PROBLEM: Within the entries below, please retype exactly the lines starting with the line that has "Umbrellas, 1995, stainless" and going on through the line that has "Grillitikkuihin kiinnitetyt paikkakortit", but not the pictures.

GIVEN INFORMATION:
<<<<

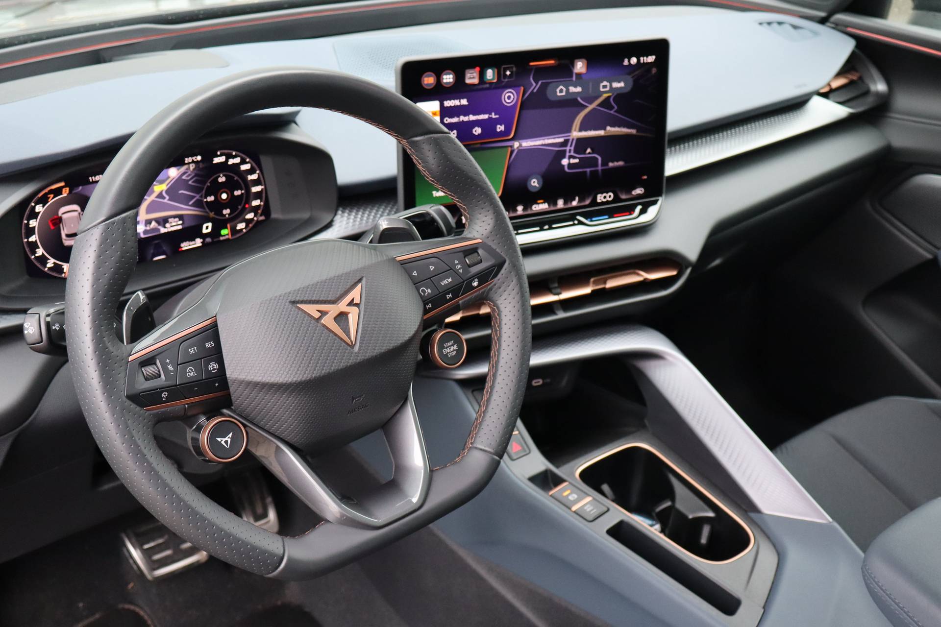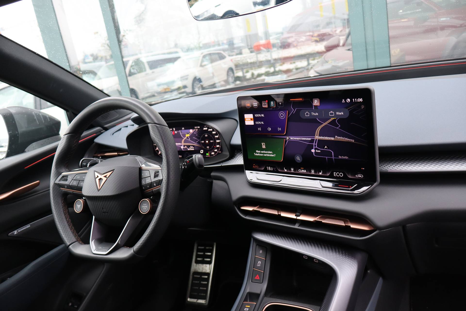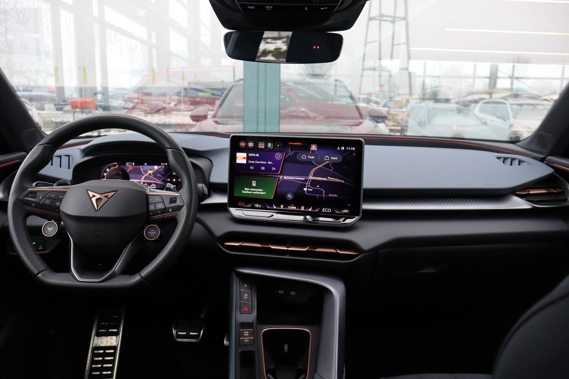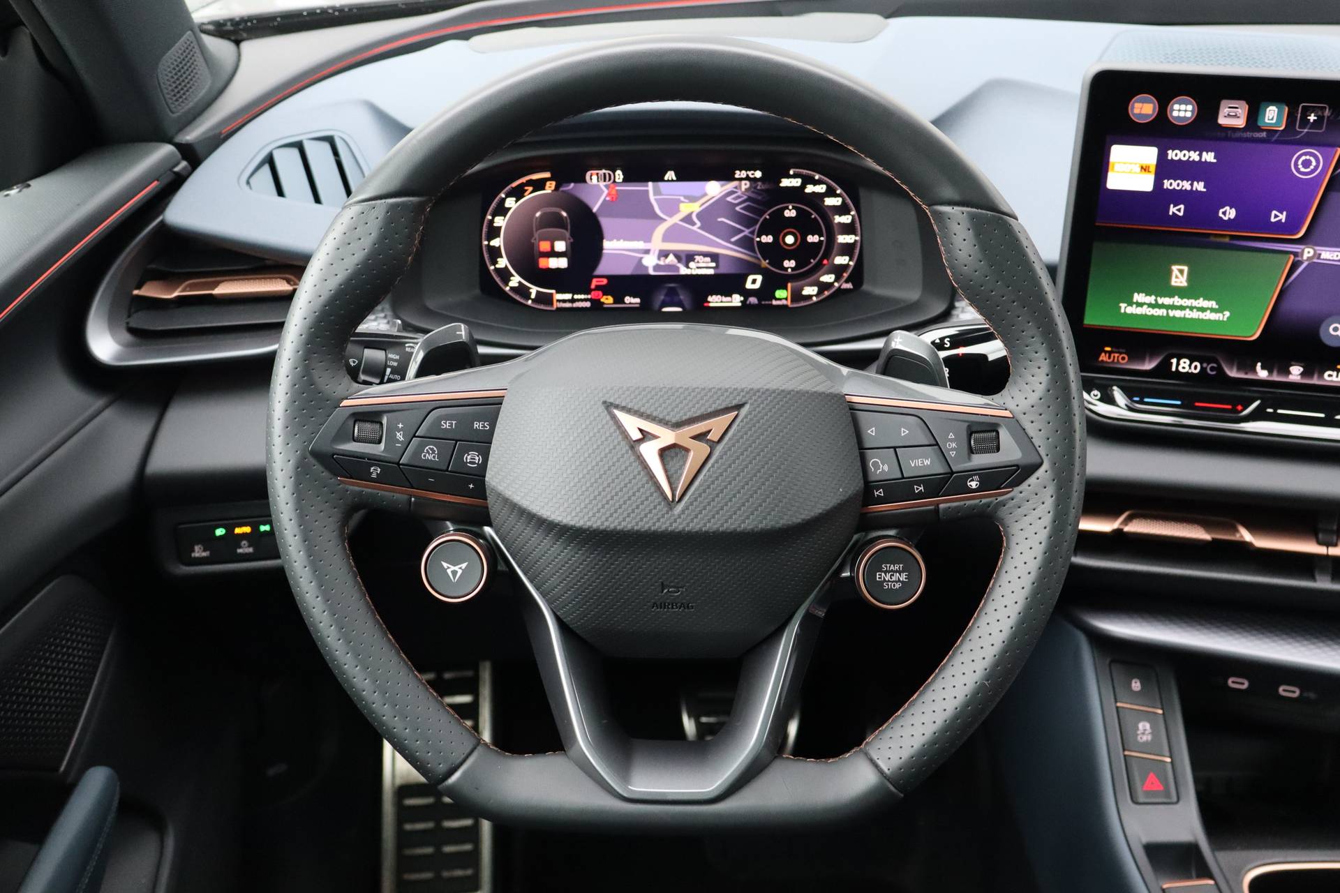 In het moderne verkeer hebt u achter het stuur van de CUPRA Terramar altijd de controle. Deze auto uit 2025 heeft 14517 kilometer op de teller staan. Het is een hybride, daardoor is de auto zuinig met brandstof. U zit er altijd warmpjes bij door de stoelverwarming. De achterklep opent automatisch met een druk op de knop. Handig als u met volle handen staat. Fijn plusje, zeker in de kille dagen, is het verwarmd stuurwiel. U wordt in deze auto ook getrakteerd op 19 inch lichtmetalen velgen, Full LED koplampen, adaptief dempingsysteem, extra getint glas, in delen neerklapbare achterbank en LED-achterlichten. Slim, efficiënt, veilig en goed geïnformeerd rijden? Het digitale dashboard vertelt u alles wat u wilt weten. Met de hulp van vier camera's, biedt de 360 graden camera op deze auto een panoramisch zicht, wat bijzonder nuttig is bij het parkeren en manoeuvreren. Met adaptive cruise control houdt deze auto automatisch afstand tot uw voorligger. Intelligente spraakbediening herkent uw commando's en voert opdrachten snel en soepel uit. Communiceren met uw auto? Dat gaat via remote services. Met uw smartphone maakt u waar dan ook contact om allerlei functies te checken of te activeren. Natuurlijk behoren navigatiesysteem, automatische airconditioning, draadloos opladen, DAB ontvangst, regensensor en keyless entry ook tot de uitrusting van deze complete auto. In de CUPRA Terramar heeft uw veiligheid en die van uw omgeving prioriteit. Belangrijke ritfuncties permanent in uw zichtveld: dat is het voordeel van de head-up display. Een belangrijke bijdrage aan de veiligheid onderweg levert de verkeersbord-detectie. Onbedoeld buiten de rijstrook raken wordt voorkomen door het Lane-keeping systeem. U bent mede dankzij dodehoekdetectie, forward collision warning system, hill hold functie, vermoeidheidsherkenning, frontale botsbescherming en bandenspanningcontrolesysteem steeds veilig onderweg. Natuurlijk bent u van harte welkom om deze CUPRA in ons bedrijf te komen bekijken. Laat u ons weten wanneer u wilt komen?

>>>>
<<<<

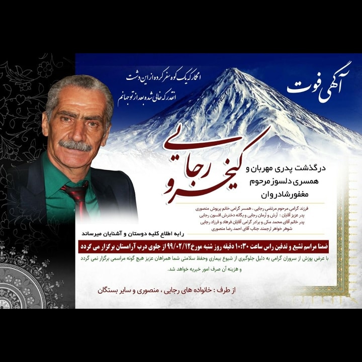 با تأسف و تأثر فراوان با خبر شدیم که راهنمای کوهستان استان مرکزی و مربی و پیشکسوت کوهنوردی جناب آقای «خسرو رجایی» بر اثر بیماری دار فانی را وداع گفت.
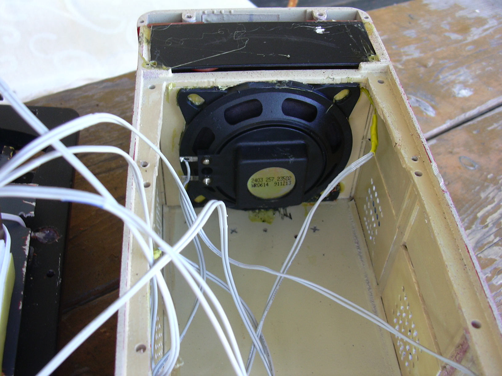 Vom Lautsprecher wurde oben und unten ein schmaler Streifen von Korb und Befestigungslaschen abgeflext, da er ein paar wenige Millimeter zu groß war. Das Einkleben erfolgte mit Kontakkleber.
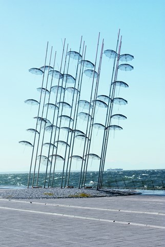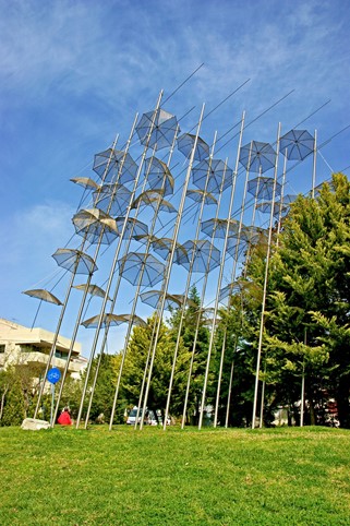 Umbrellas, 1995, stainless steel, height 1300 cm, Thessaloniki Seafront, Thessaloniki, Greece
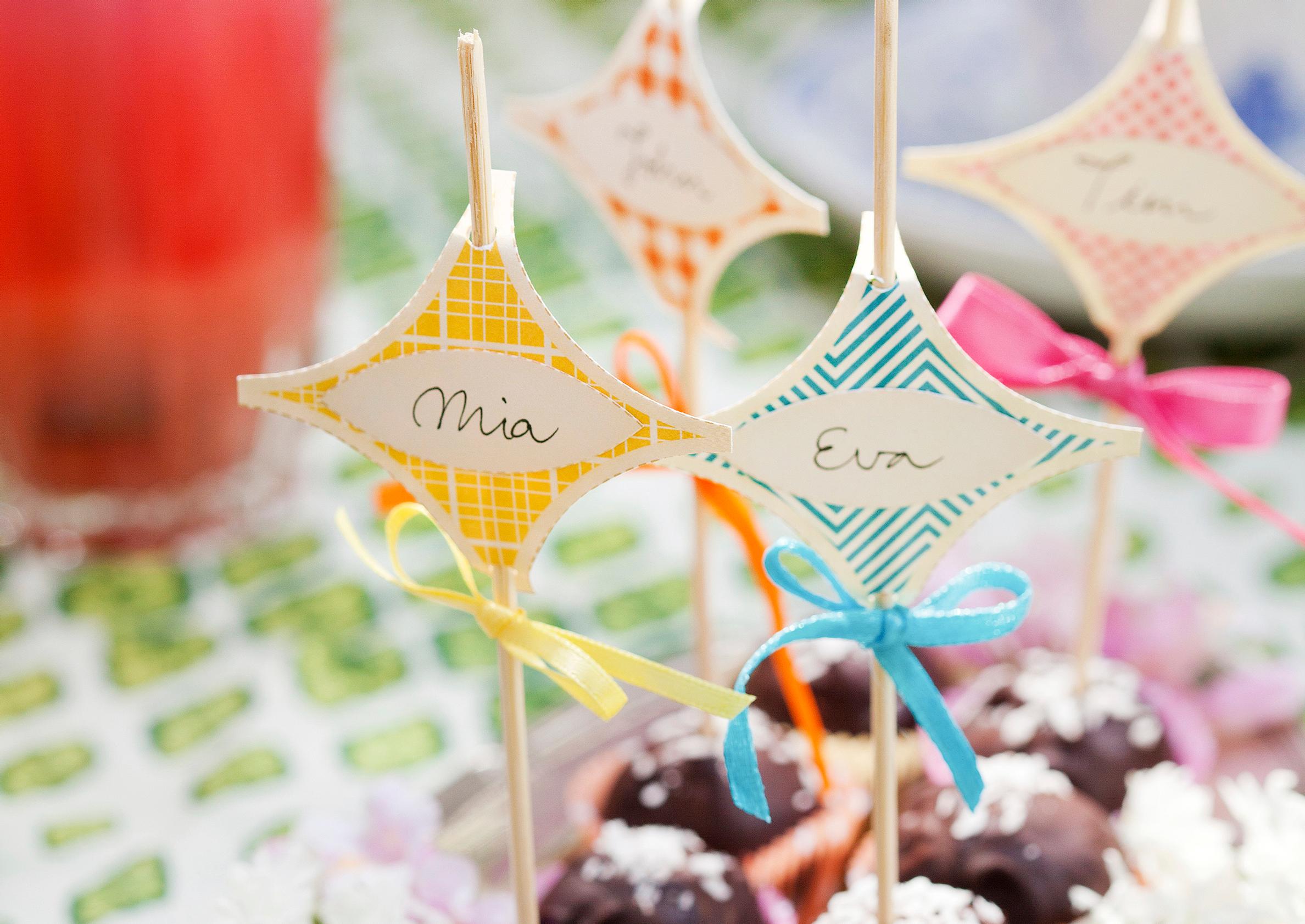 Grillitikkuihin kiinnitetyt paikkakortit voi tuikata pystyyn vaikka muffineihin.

>>>>
<<<<

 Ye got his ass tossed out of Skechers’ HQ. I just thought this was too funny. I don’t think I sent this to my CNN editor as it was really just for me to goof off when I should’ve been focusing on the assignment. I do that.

>>>>

ANSWER TO THE EXERCISE:
 Umbrellas, 1995, stainless steel, height 1300 cm, Thessaloniki Seafront, Thessaloniki, Greece
 Grillitikkuihin kiinnitetyt paikkakortit voi tuikata pystyyn vaikka muffineihin.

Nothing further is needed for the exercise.